### How to complete this task
Only one stretch of the material below is wanted: everything from the line containing "paradicsomszósz, garnélarák, rukkola, olívabogyó, mozzarella" down to the line containing "- เดินทาง 09-12/13-16/16-19/20-23/23-26", both ends included. Repeat it exactly and skip the pictures.

### Source data

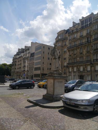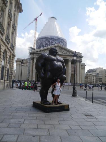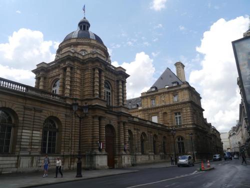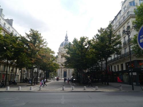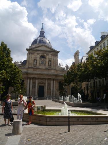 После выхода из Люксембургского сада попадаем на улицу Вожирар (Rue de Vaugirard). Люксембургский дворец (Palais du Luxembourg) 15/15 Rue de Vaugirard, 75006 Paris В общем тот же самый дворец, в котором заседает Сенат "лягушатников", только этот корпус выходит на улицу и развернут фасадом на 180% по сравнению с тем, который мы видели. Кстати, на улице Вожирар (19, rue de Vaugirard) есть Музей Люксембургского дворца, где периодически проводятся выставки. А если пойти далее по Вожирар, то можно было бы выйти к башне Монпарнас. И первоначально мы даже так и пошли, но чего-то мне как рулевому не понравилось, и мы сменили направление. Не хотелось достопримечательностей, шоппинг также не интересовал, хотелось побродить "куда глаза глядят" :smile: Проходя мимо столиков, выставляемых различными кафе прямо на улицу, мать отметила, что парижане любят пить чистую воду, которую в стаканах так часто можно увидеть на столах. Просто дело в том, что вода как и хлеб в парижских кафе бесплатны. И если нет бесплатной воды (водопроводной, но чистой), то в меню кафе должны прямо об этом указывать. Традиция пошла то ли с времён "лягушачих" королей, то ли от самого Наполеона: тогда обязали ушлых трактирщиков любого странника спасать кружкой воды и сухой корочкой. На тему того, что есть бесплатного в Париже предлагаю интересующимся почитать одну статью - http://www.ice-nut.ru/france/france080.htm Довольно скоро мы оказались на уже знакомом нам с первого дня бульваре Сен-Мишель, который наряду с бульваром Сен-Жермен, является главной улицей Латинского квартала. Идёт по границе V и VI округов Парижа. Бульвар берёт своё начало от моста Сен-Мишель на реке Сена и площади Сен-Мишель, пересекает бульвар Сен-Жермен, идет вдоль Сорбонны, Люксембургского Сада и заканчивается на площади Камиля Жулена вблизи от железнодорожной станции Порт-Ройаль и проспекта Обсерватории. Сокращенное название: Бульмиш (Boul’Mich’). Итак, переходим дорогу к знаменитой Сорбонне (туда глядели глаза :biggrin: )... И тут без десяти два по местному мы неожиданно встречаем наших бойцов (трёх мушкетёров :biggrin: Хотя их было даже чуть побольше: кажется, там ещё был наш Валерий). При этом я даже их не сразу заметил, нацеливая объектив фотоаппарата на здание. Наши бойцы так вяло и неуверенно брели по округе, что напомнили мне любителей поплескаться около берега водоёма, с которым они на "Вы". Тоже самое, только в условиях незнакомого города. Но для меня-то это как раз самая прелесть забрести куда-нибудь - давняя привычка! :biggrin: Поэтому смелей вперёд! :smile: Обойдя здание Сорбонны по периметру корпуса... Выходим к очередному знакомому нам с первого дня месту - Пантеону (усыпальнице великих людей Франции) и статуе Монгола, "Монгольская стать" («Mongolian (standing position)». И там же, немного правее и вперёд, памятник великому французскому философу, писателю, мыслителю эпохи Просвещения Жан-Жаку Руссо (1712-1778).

* * *

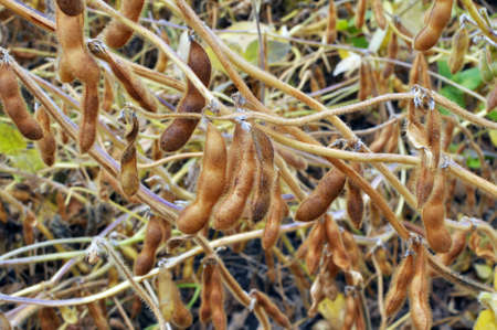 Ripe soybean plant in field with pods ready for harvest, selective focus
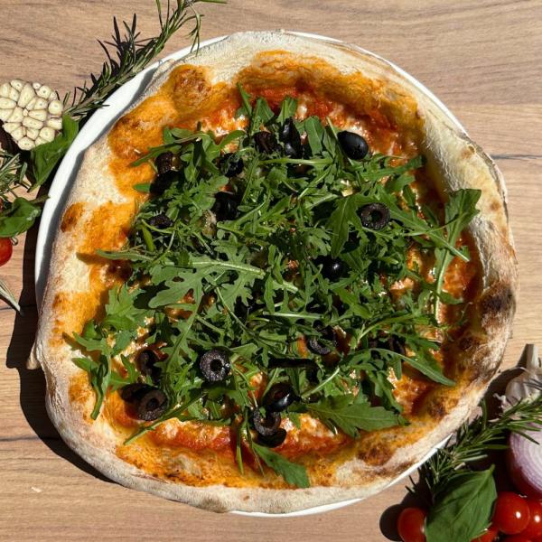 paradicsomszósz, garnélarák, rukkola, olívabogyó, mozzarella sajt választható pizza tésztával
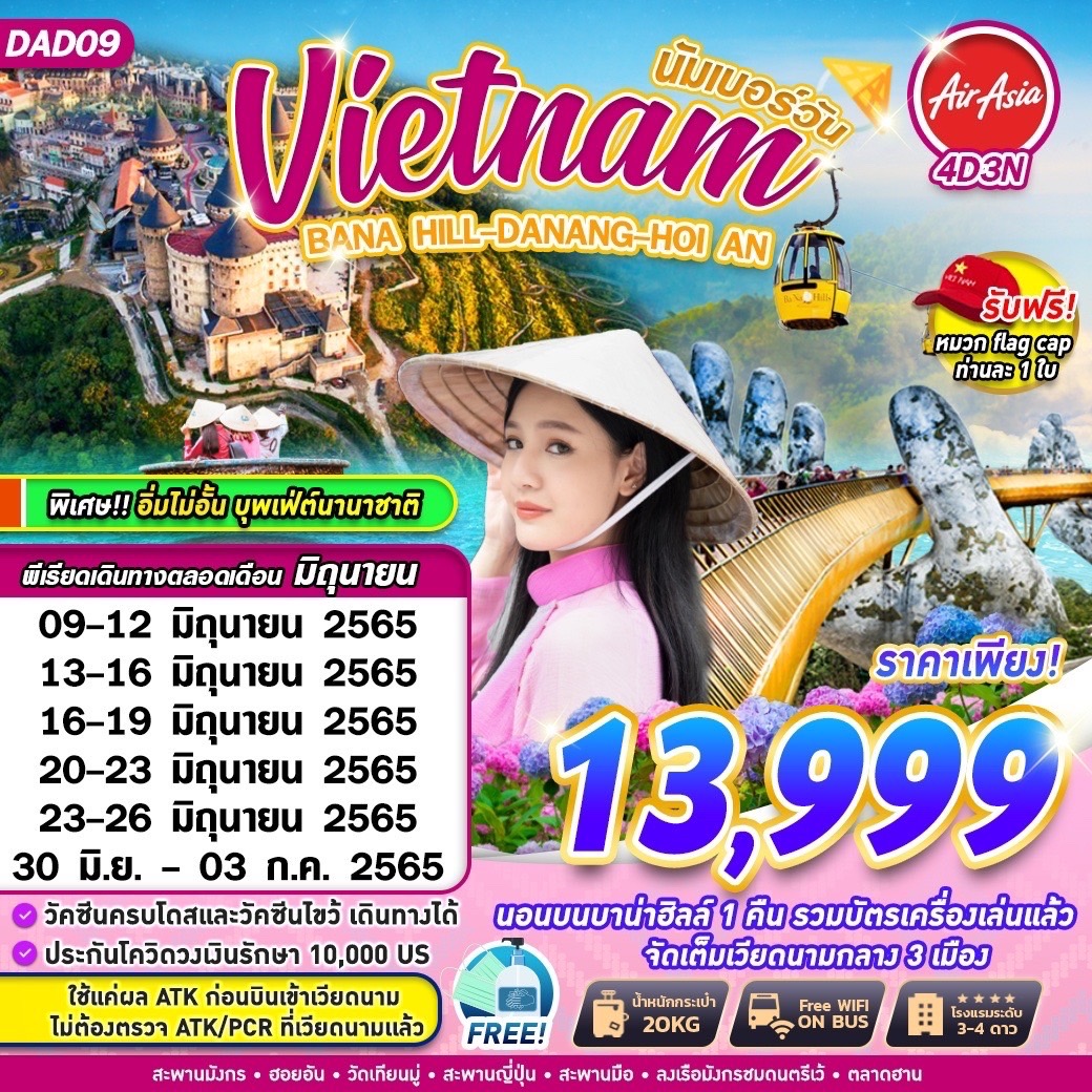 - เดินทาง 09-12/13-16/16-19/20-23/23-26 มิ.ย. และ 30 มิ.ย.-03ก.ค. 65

### Solution to this exercise
 paradicsomszósz, garnélarák, rukkola, olívabogyó, mozzarella sajt választható pizza tésztával
 - เดินทาง 09-12/13-16/16-19/20-23/23-26 มิ.ย. และ 30 มิ.ย.-03ก.ค. 65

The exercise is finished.